_D5C5045brianby Brian Clarey

My thoughts drift southward this week, down from the hills and across the flats to the steamy funk of New Orleans and a bar I once knew as intimately as I’ve ever known anything.

Igor’s, the 24-hour bar, game room, Laundromat and grill at the corner of St. Charles and Jackson turns 40 this week — just a few years younger than I am, if truth be told.

But I was young when I first started at Igor’s, just 24 years old on my first night working the graveyard shift. I remember it well: As the morning sun broke through the oaken boughs along the avenue, I watched a woman spontaneously perform a filthy parlor trick with a beer bottle. Indeed, I will quite likely never be able to forget my baptism into the pre-dawn world of the greatest dive bar on the planet.

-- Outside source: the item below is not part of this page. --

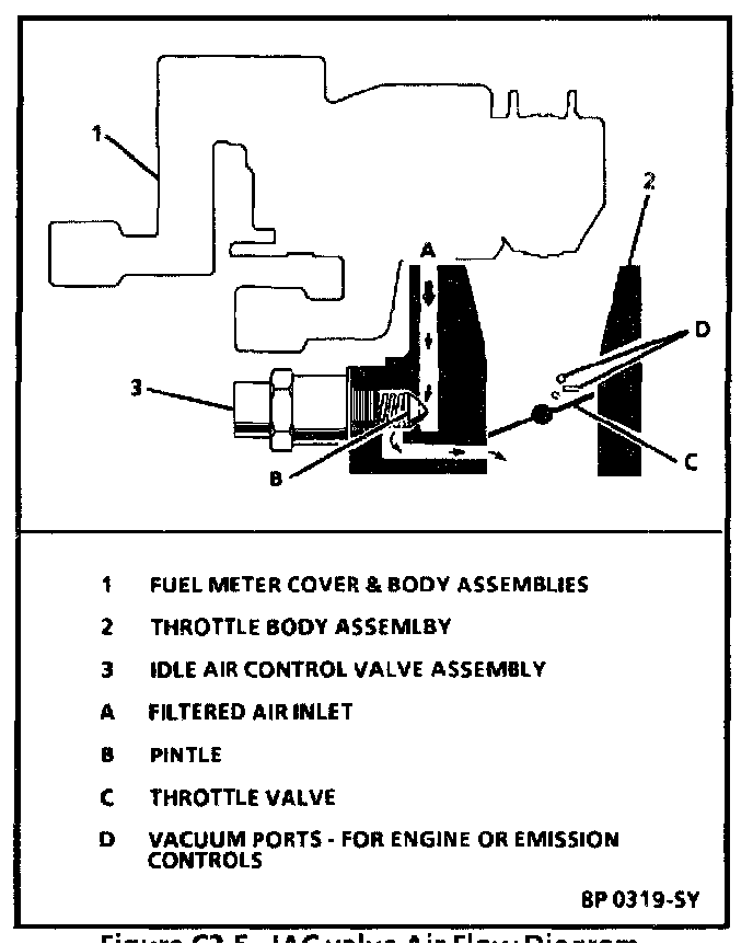 - "Controlled" idle speed is programmed into the ECM, which determines the correct IAC valve pintle position to maintain the desired idle speed for all engine operating conditions and loads.

I gave five years of service there on the corner, slinging drinks with the likes of Big Tiny, Goldie, and the Mad Aussie to an indelible cast of barflies: Old Rick, Gay Ray, One-Eyed Joe and others with less colorful names. I was there for every Mardi Gras, every Jazz Fest, every Super Bowl and week-long Halloween, stitched together by moments both incredible and mundane.

Most of the stories I tell from that time in my life sound made up.

I was there to see Big Tiny shave everyone’s head, the night Augie took the box-cutter to Jerry’s face, when it started to rain on the pool tables in the back room.

I learned half of what I know at that ridiculous, beautiful place, and it forever changed my life.

I was working at Igor’s when my journalism career started to get traction. And I met my wife there, by the grill, over a cup of homemade tartar sauce.

Crazy, right? Don’t tell the kids.

At that time, Igor’s had never closed. Not once. There weren’t even locks on the doors. Only Katrina managed to bring the place to a halt, and then only for a few days.

It’s a tough little bastard of a bar, not unlike Igor himself — yes, there really is an Igor. And I owe him much.

I won’t be there on Monday night in New Orleans. Probably not. But the pull of that place, very close to my own center of gravity, remains strong.